In the context of our exercise, although the substitution \( u = x^3 \) was not exactly a standard trigonometric substitution, trigonometric identities played a crucial role in simplifying and evaluating the integral by transforming it into a simpler polynomial form. This illustrates the flexibility of substitution methods and their necessity when dealing with intricate integrals.

Integration Techniques

Various integration techniques exist to tackle different types of integral expressions. Some of these are specific to certain kinds of functions, and learning how to apply them effectively is key to mastering calculus.
Some of the most useful techniques include:

• **Substitution**: As demonstrated in our exercise, this is particularly helpful when the integral involves a composite function. By letting \( u = g(x) \), one can transform the integral of \( f(g(x))g'(x) \) into the much simpler \( \int f(u) \, du \).
• **Integration by Parts**: Useful for products of functions, employing the formula \( \int u \, dv = uv - \int v \, du \).
• **Partial Fraction Decomposition**: Ideal for rational functions, breaking a complex fraction into simpler fractions that are easier to integrate.
• **Trigonometric Identities**: Simplifying integrals using identities such as \( \sin^2(x) + \cos^2(x) = 1 \) can substantially reduce the complexity.

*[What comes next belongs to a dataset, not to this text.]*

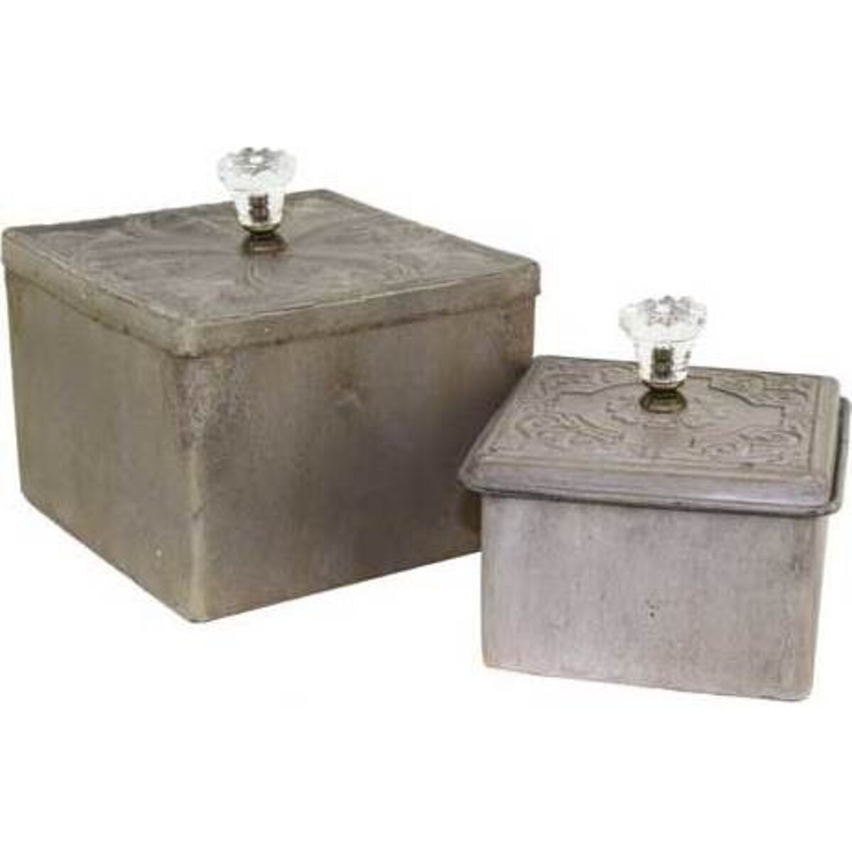 This set of two boxes is made from sturdy metal that possesses an intrinsic look of age and antiquity. Any space would begin to look not just different but also interesting with an addition of neat organizers such as this set of metal boxes. It consists of a dark grey larger box and lighter steel gray smaller tin that both have a lovely pressed design making the box look quite ornate and elegant despite its rustic appeal. The boxes have adequate space to store large number of small objects - right from buttons, to little keepsakes or even jewellery. The knobs on the lid make the closing and opening of the box easy thus simplifying the reaching out for hard to find articles. Placing the set of boxes in any space would also accentuate the shabby chic look .A great gift for someone who loves to keep things simple, non - frilly and utilitarian yet smart and chic.

In the original exercise, identifying the most suitable technique depended heavily on analyzing the structure of the integral. The use of substitution simplified the integral's initial complexity, facilitating its evaluation. These techniques are fundamental for not only simplifying but also ensuring the precise solution of integral problems.